Evidence for efficacy is based on the results from the CHECKMATE-8HW study
09 May 2025
Immunotherapy
Colon and Rectal Cancer

On 8 April 2025, the US Food and Drug Administration (FDA) approved nivolumab (Opdivo, Bristol Myers Squibb Company) with ipilimumab (Yervoy, Bristol Myers Squibb Company) for adult and paediatric patients 12 years of age and older with unresectable or metastatic microsatellite instability-high (MSI-H) or mismatch repair deficient (dMMR) colorectal cancer (CRC). The FDA also converted the accelerated approval to regular approval for single agent nivolumab for adult and paediatric patients 12 years of age and older with MSI-H or dMMR metastatic CRC, that has progressed following fluoropyrimidine, oxaliplatin, and irinotecan.

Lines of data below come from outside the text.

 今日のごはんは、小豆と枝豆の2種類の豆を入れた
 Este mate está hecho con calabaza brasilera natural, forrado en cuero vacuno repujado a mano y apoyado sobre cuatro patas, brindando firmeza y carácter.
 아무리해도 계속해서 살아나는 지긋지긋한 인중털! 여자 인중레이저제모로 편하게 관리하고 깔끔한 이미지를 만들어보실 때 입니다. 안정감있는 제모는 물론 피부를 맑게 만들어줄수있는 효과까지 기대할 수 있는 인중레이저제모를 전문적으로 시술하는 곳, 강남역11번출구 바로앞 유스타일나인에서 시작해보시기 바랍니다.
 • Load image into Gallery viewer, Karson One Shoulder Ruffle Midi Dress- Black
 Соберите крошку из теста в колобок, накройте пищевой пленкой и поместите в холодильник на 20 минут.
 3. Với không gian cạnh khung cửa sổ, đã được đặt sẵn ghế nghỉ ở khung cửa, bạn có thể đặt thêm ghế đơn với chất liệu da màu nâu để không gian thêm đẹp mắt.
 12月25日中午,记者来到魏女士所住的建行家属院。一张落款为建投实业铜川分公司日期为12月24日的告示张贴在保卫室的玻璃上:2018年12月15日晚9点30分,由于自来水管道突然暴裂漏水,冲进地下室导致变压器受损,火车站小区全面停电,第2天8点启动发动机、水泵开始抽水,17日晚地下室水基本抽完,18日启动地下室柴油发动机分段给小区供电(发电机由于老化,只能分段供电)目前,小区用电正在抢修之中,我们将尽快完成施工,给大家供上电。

Efficacy of nivolumab with ipilimumab was evaluated in CHECKMATE-8HW (NCT04008030), a randomised, three-arm, open-label study in immunotherapy-naïve patients with unresectable or metastatic CRC with known MSI-H or dMMR status. Patients were randomised to receive one of the following treatments: 

  • nivolumab 240 mg every 3 weeks and ipilimumab 1 mg/kg every 3 weeks for a maximum of 4 doses, then nivolumab 480 mg every 4 weeks,
  • nivolumab 240 mg every 2 weeks for 6 doses, then nivolumab 480 mg every 4 weeks, or
  • investigator’s choice chemotherapy:

The major efficacy outcome measure was progression-free survival (PFS) assessed by blinded independent central review (BICR) per RECIST v1.1 in patients with centrally confirmed MSI-H/dMMR status in the following pre-specified settings:

  • First-line setting: nivolumab plus ipilimumab versus chemotherapy,
  • All lines: nivolumab plus ipilimumab versus nivolumab alone.

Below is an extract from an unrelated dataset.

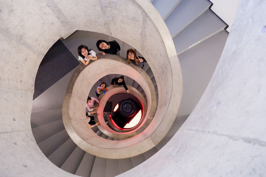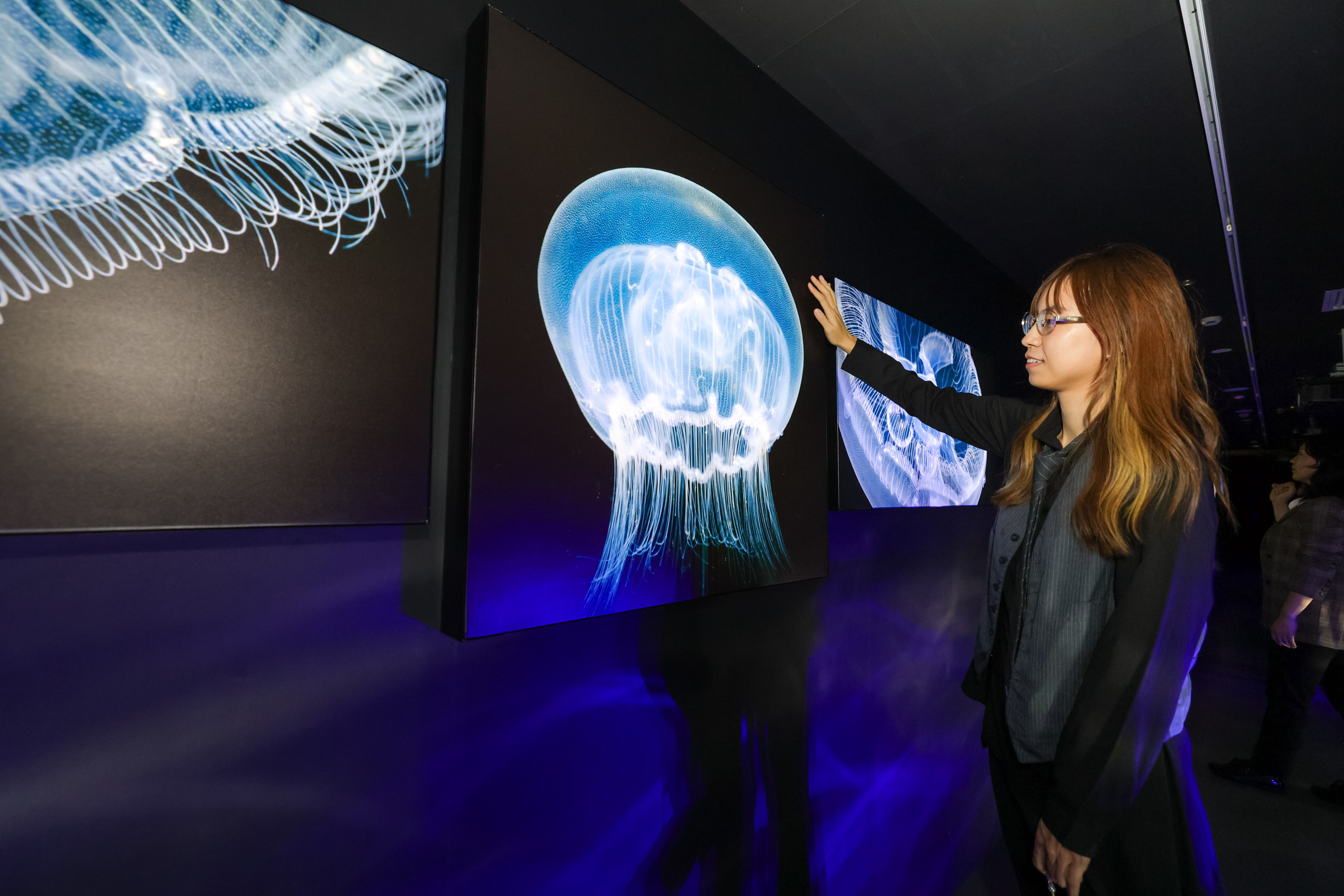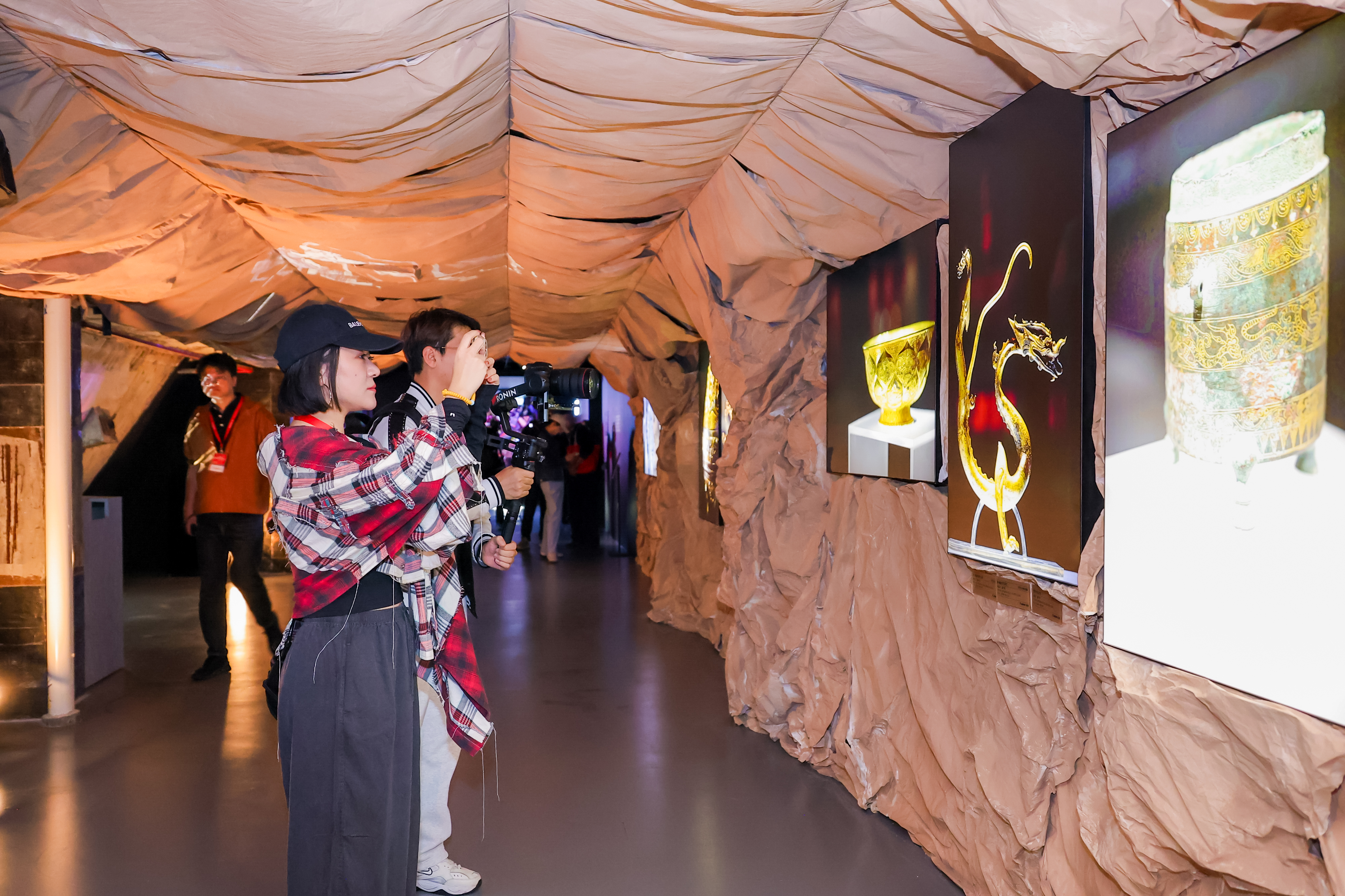 整个展览共设置三层展区。一层为影像艺术互动区,通过光影与影像的结合,为影像作品增添灵动和强烈的视觉呈现。二层是“文化遗产石窟”和“深海秘境”沉浸式观展体验区,“文化遗产石窟”的展区设计用纸艺重现了石窟场景,现场展示如唐代鎏金铁芯铜龙、商代戴金面罩青铜人头像等文物摄影作品,并通过投影的方式呈现,让参观者在虚实交错中完成一场跨越时空的文化对话;而在“深海秘境”体验区,借助光影技术,观众仿佛置身于神秘的海底世界,与水下生物进行一场亲密的对话。四层的展览内容则更加丰富,实景搭建的艺术风格花园美轮美奂,成为参观者争相打卡的梦幻背景;多面镜射的深空和沉浸式投影打造的极光海滩让人沉浸于“星穹咏叹”的视觉洗礼;更有那被大气中的尘埃粒子反散射形成的淡粉色光弧,这个反曙暮光也叫“维纳斯带",灰蓝的色带就是地球的影子。气膜材质灵感源于在观测时感受到的“天空的呼吸”,把无形的空气实体化。观众看到的不只是“固体”,也像空气在光中的显影。这标志了维纳斯带的生命性:轻盈、流动、随时间消散。球体仿佛在呼吸,回应着人类与大气之间最基本的连接,为到场的每一位观众献上一场真实可感的天文奇景。

The analysis of nivolumab plus ipilimumab versus chemotherapy in the first line setting was conducted in 255 patients with centrally confirmed MSI-H/dMMR status of 303 patients based on local testing. Median PFS was not reached (NR) (95% confidence interval [CI] 38.4, not estimable [NE]) in the nivolumab plus ipilimumab arm and 5.8 months (95% CI 4.4, 7.8) in the chemotherapy arm (hazard ratio [HR] 0.21, 95% CI 0.14, 0.32, p-value < 0.0001). Comparative results of ORR and OS between arms were not available at the time of the interim PFS analysis due to statistical testing strategy.

The analysis of nivolumab plus ipilimumab versus nivolumab (all lines) was conducted in 582 patients with centrally confirmed MSI-H/dMMR status of 707 patients based on local testing. Median PFS was NR (95% CI 53.8, NE) in the nivolumab plus ipilimumab arm and 39.3 months (95% CI 22.1, NE) in the nivolumab arm (HR 0.62, 95% CI 0.48, 0.81, p-value = 0.0003). ORR was 71% (95% CI 65, 76) in the nivolumab plus ipilimumab arm and 58% (95% CI 52, 63) in the nivolumab arm (p-value = 0.0011).

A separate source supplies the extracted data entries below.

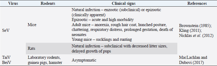 Fig. 2. Pathogenesis of SeV infection in rodents. Clinical manifestationsThe SeV also known as murine parainfluenza virus-1 has been associated with respiratory sickness in laboratory mice, rats, hamsters, and in guinea pigs (Barthold et al., 2016). Table 2 summarizes the clinical signs of paramyxovirus infection in rodents. Animals like other rodents (guinea pigs, beavers, squirrels, etc.), and lagomorphs (rabbits, etc.) are frequently infected with viruses that are mild or asymptomatic (MacLachlan et al., 2011). Cytotoxic T lymphocytes assault virus-infected cells during infection at the "immune" phase, resulting in lesions in respiratory tracts including necrotizing rhinitis, tracheitis, bronchiolitis, and interstitial pneumonia, among other manifestations. Clinical indications manifest themselves in completely immunocompetent animals, with various degrees of morbidity and death according to the age, strain, and immunocompetence of the animals involved. Instead of pathognomonic immune-mediated necrotizing bronchiolitis, nude mice develop long-term progressive interstitial pneumonia, a type of chronic lung infection (Ward et al., 1976). Furthermore, rats infected by SeV produce fewer litter sizes and poor pup development (Kling, 2011). Enzootic infection in rats can manifest itself in two distinct ways: as enzootic (subclinical) infection or as epizootic (clinical) as discussed by Nicklas et al. (2012). The development of latent infection follows an enzootic pattern. Mice in breeding colonies obtain infection promptly after weaning due to low levels of antibodies in the maternal serum after birth. The pattern of the epidemic, on the other hand, is often acute, contributing to increased morbidity and mortality, with almost all susceptible animals getting infected within a short period of time. Between 2 and 7 months after the virus is initially introduced to a colony, sick animals might die or become sub-clinically infected. Diagnostic Methods of Paramyxoviruses InfectionSerological diagnosisSeV infection in rats is best diagnosed by Indirect Enzyme-Linked Immunosorbent Assay (ELISA) or Multiplexed Fluorometric ImmunoAssay due to their sensitivity to detect the early and low antibody titers (Kling, 2011). Rothenburger et al. (2015) used an ELISA with minimal alterations to detect respiratory infections in rats. Serum samples from 139 rats were tested for the bovine respiratory syncytial virus, a pneumovirus related to murine pneumonia virus, and the bovine parainfluenza virus 3, a virus related to the SeV. The results revealed that lysed Vero cells infected with these isolates generated partially purified antigens, with lysed uninfected Vero cells acting as a positive control. No evidences for the rat coronavirus, SeV or murine pneumonia virus were found. However, the negative finding is possibly due to the small sample size employed in the testing. In laboratory rodent colony settling, ELISA and immunofluorescence techniques are most commonly used (MacLachlan and Dubovi, 2017). Antibodies can be detected 7 days after infection, and their presence is often linked to the beginning of immune-mediated necrotizing bronchiolitis and pneumonia. The presence of the virus is further confirmed by the immunofluorescence or immunohistochemical staining of infected monolayers in the embryonated eggs or a variety of cell culture methods including monkey kidney, Vero, and BHK-21 cells with trypsin in the culture conditions. Table 2. Clinical signs of paramyxoviruses infection in rodents.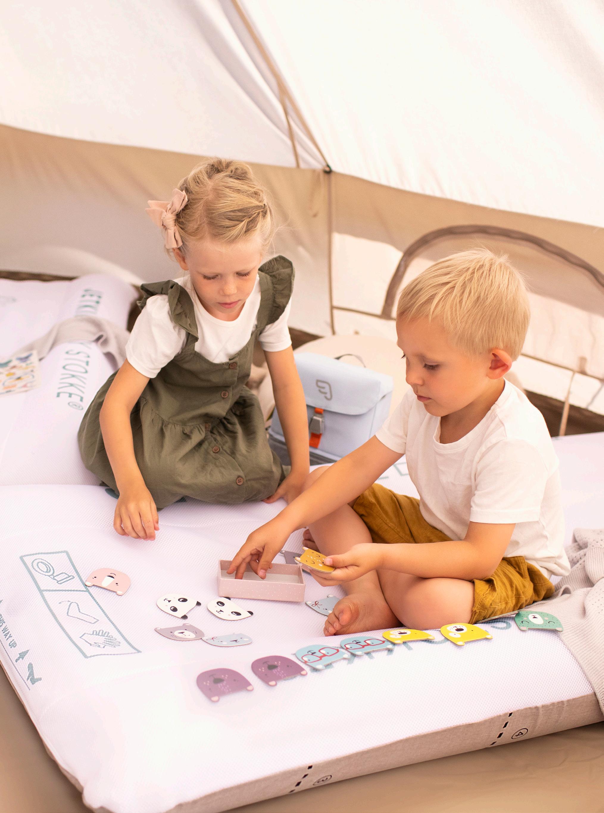 • 子ども用スーツケースと、機内や列車の座席をフラットにできるベッドセットがひとつに • 付属のマットレスは洗濯可能 • ほぼすべての飛行機に持ち込み可能
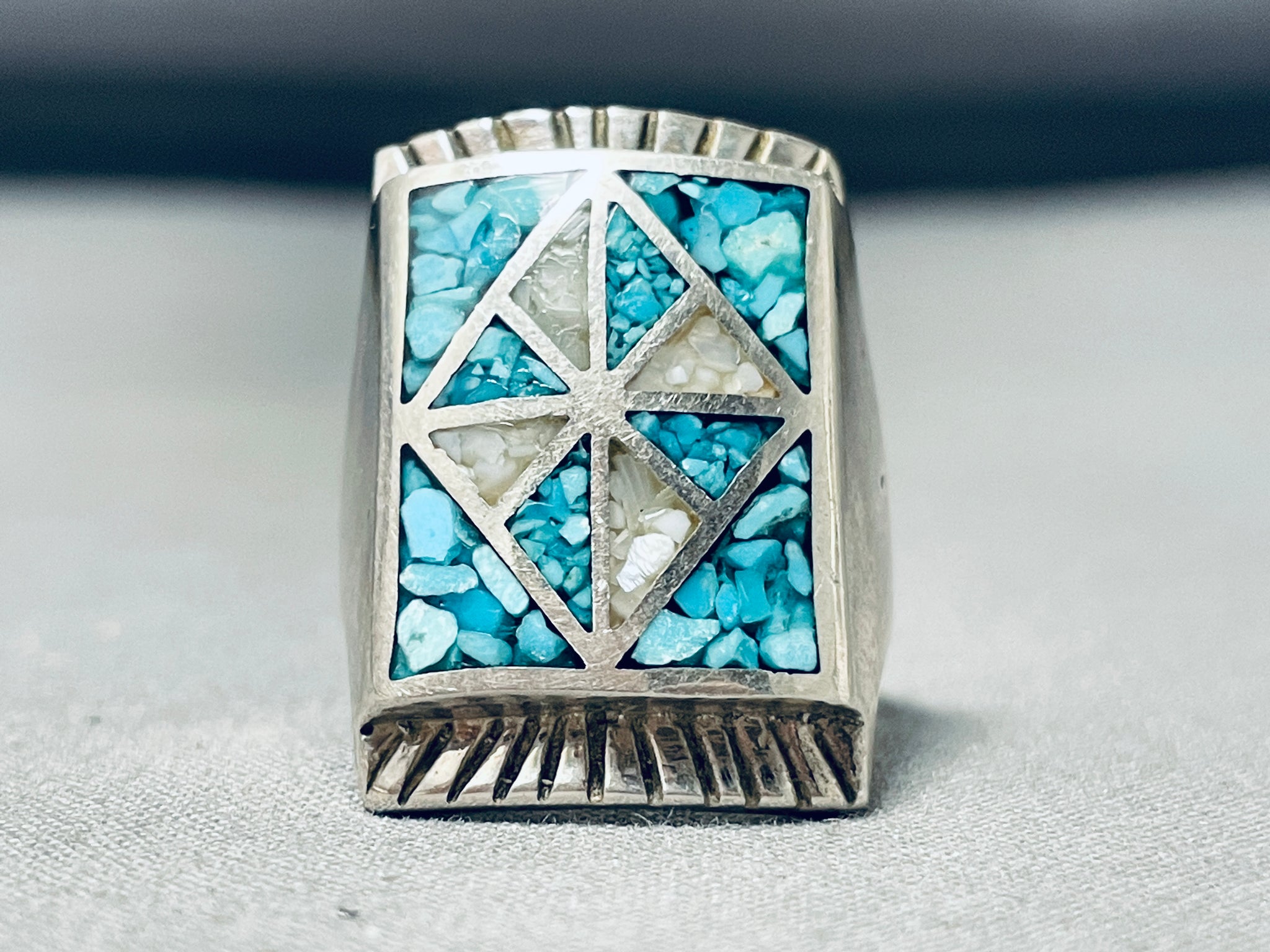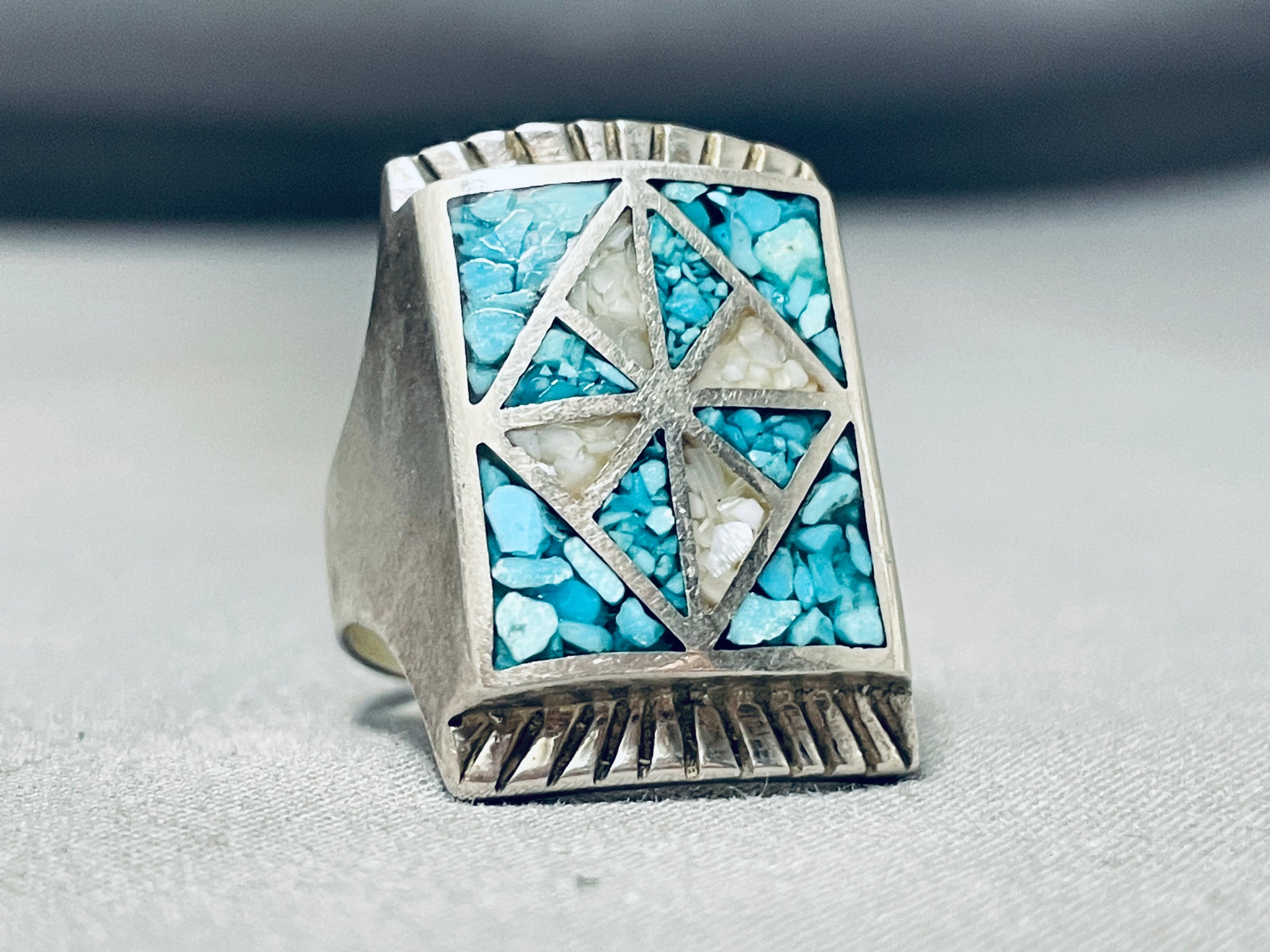 Spectacular Vintage Native American Navajo Turquoise Sterling Silver Ring

The comparative results of OS between arms were not available at the interim PFS analysis due to statistical testing strategy.

The most common adverse reactions reported in ≥ 20% of patients treated with nivolumab with ipilimumab were fatigue, diarrhoea, pruritus, abdominal pain, musculoskeletal pain, and nausea. The most common adverse reactions reported in ≥20% of patients treated with nivolumab as a single agent were fatigue, diarrhoea, abdominal pain, pruritis, and musculoskeletal pain.

This review was conducted under Project Orbis, an initiative of the FDA’s Oncology Center of Excellence (OCE). Project Orbis provides a framework for concurrent submission and review of oncology drugs among international partners. For this review, FDA collaborated with the Brazilian Health Regulatory Agency (ANVISA), the Israel Ministry of Health, and Health Canada. The application reviews are ongoing at the other regulatory agencies.

This review used the Assessment Aid, a voluntary submission from the applicant to facilitate the FDA’s assessment. The FDA approved this application 10 weeks ahead of the FDA goal date.

This application was granted priority review, breakthrough designation, and orphan drug designation. 

Healthcare professionals should report all serious adverse events suspected to be associated with the use of any medicine and device to FDA’s MedWatch Reporting System.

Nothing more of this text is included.